We all know somebody with a data horror story. We’ve seen the announcements of the desperate researcher pasted all over campus, begging the person who stole their laptop to just return the hard disc that contained crucial data of their PhD – necessary to finish their thesis.
I, too, have my own data horror story. During my studies in Brussels (long long ago – around 2005-, when laptops were still uncommon), I had two desktop computers: one at my place in Brussels, and one at my parents’ house. These desktops functioned as backups of each other. At that time, external hard drives were still uncommon, so I sometimes burned data on a CD, but my computers functioned as backups of each other. Until both crashed within 10 days of each other. I lost all my digital university materials of the first years of my studies. Worst of all: this mishap occurred right in the middle of my exams and I clearly remember I needed a functioning computer to prepare for a Matlab-based exam.
Since then, I’ve been backing up my data. First by burning everything on DVDs and storing folders on flash drives. Then, in 2008, I got my first external HD of 500 GB, and have been faithfully backing up my work every since.
Currently I use a cloud service to store my data and sync everything across all my devices, and I also have a 3 TB HD that I use as an extra, physical backup.

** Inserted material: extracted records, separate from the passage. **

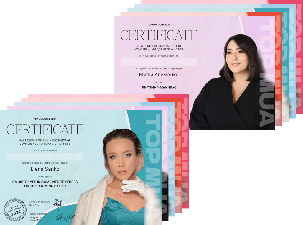 • Именной международный сертификат TOP MUA на русском и английском языках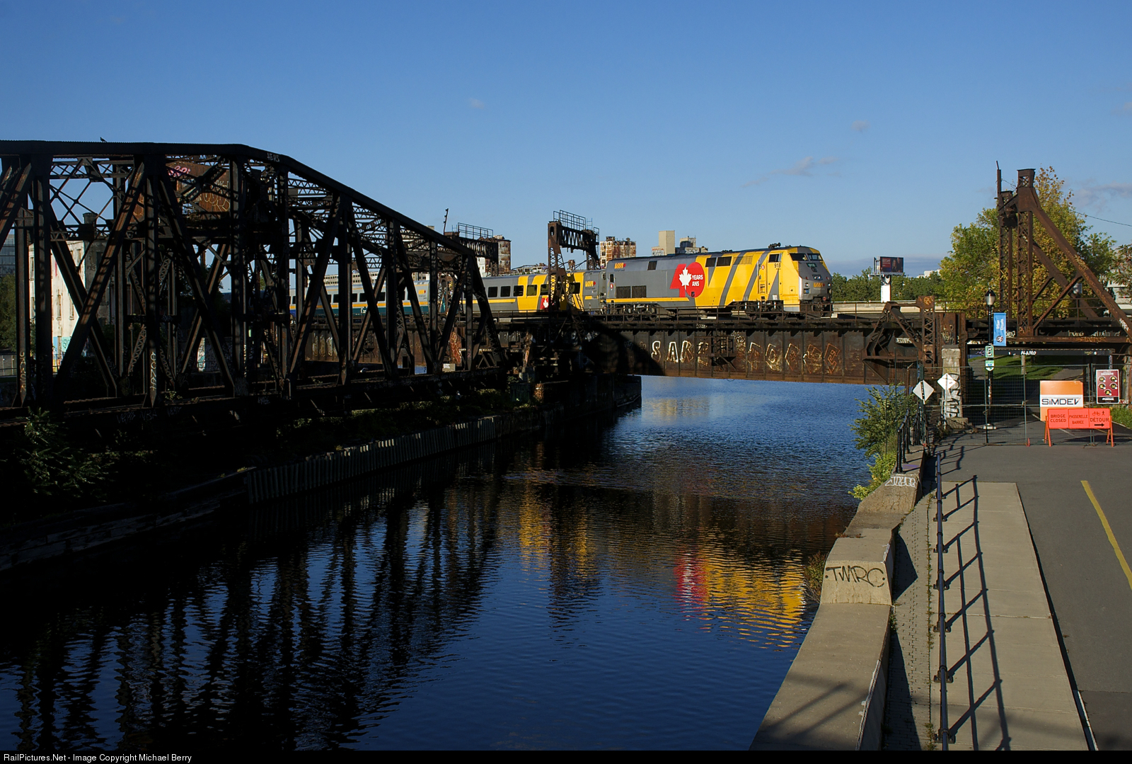 | VIA 918 casts a partial reflection in the Lachine Canal as it pushes VIA 64 towards its final destination of Central Station in Montreal. Up front is another P42DC wrapped for VIA's 40th anniversary, VIA 900. |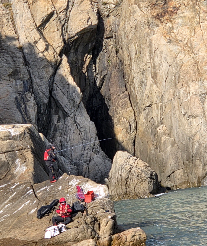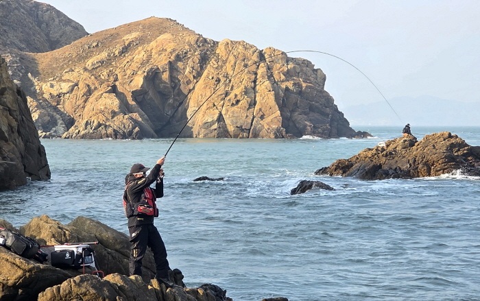 둘째 날은 밤새 주의보가 발효돼 아침 9시경 늦은 출조에 나섰다. 강한 북서풍 탓에 서쪽으로는 못 가고 동쪽 포인트에 내려야 했다. 주로 다라섬~농여 일대였다. 그러나 이날은 강풍도 문제였지만 포인트 경쟁도 치열했다. 밤새 사선 4척이 들어왔고 출조한 낚시인이 120명이나 됐기 때문이었다.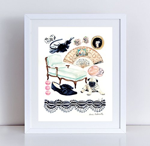 Title : Marie Antoinette Paris Collage Mood Board Giclee Print of Watercolor 8 x 10, 11 x 14 inches Fine Art Poster Versailles Laduree Rococo Paris Travel Photography France Queen
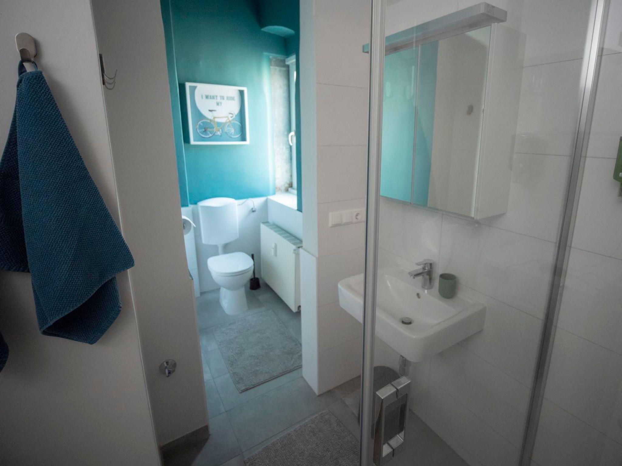 Contactless check-in Instead of keys, there is a combination lock so that nobody has to worry about losing the flat keys. We can therefore check in and out at any time of day or night. The "blue" flat is located on the first floor and can be reached via a wide staircase.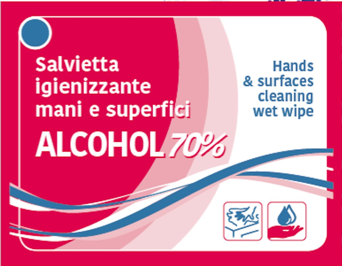 Salvietta umidificata a base di alcohol (70%), realizzata per rispondere con efficacia alle misure per il contenimento del virus in modo pratico e comodo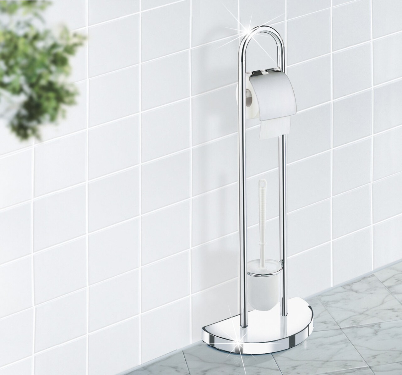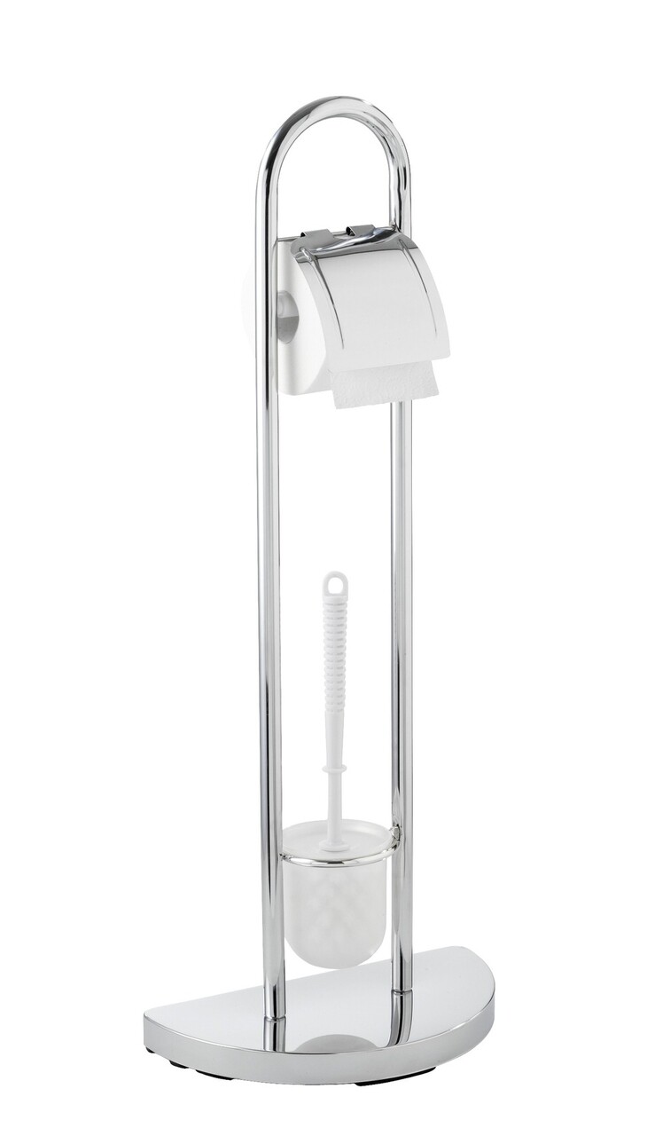 Suport hartie igienica si perie pentru toaleta, Wenko, Cosenza, 18 x 33 x 84 cm, metal/polipropilena, gri

So, whether you are starting as a PhD candidate or you are a seasoned researcher, it is always good to think about our data management. Here are a few aspects to consider:
When we talk about data management, the first thing we think about is data storage – where will we physically and/or in the cloud store our data. The first step is to figure out your storage, thinking of the worst case scenario: if a fire destroys your building or the zombie apocalypse happens in your country, will your data still be safe?
The second aspect of data management is the format of the data. Will you be saving your measurements as simple .csv files, and if so, will another researcher be able to figure out what each column means? How will you structure the folders and subfolders of your work? If you have a constant stream of data (for example, from monitoring), how much of it will you save in raw format and how in processed format?
3. Publishing of data
When we talk about data management, we also need to talk about making our data FAIR (findable, accessible, interoperable and reusable). More and more, researchers are encouraged to share their datasets. But when you publish your data, you should do so in a way that it serves others (hence, the FAIR principles). It is good to think through how you will publish your data before you even start to collect and save data.
At Delft University of Technology, data management is important and all PhD candidates are expected to present their Data Management Plan (DMP, which they discuss with the Data steward) during their go/no go meeting. The DMP details how data will be collected, managed, stored and made available. Even if your university does not require a DMP, it’s still good practice to write down how you will manage your data at the start of your research, at the start of a new project, and/or at the start of a new collaboration.
5. Best practices
We’ve all heard the data horror stories. Let’s now focus on data success stories. I encourage you to talk with senior PhD candidates or researchers about how they deal with their data, and to follow the example of those with a sound data management strategy. Participate in data management training. Read through the information from your university with best practices for data management.
6. Your library
Data management is typically covered by the library services of your university. If you are in doubt, reach out to your Friendly Campus Librarian. Trust me on this one: librarians, and by extent the many people who work in research support through your library, are your best allies. When you are in doubt as to where to start with your data management, go to the library and talk to your librarians. They will be able to point you to the right person (the Data Steward) and get you on your way with data management.